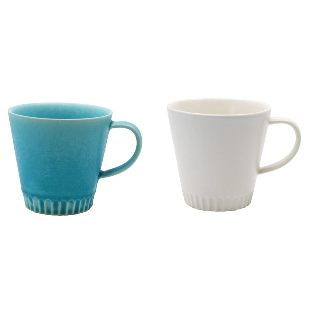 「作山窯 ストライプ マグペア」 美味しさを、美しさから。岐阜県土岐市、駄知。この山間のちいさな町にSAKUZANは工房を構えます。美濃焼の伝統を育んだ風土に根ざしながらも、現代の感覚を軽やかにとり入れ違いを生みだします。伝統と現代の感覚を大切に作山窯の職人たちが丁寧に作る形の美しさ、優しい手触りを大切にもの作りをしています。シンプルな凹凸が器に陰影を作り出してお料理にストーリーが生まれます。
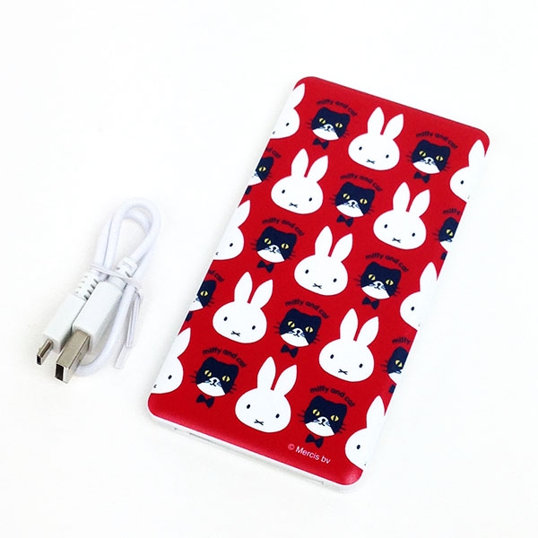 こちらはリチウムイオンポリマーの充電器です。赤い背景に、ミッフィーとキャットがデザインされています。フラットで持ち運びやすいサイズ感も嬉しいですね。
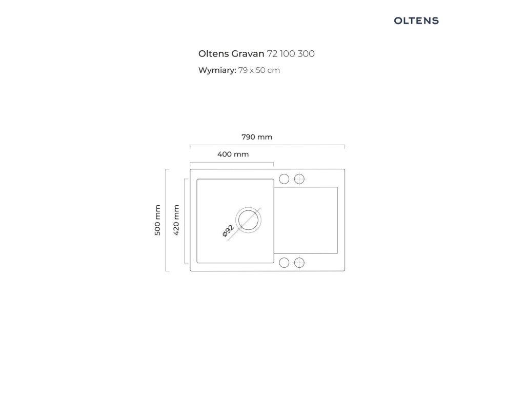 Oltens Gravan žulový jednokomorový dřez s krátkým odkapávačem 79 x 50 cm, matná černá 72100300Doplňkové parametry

====================

**EXERCISE REQUIREMENTS**: Your answer should hold only the lines from the one with "こちらはリチウムイオンポリマ" through the final line of the listing above, transcribed exactly and without pictures.

**SOLUTION FOR THIS TASK**:
 こちらはリチウムイオンポリマーの充電器です。赤い背景に、ミッフィーとキャットがデザインされています。フラットで持ち運びやすいサイズ感も嬉しいですね。
 Oltens Gravan žulový jednokomorový dřez s krátkým odkapávačem 79 x 50 cm, matná černá 72100300Doplňkové parametry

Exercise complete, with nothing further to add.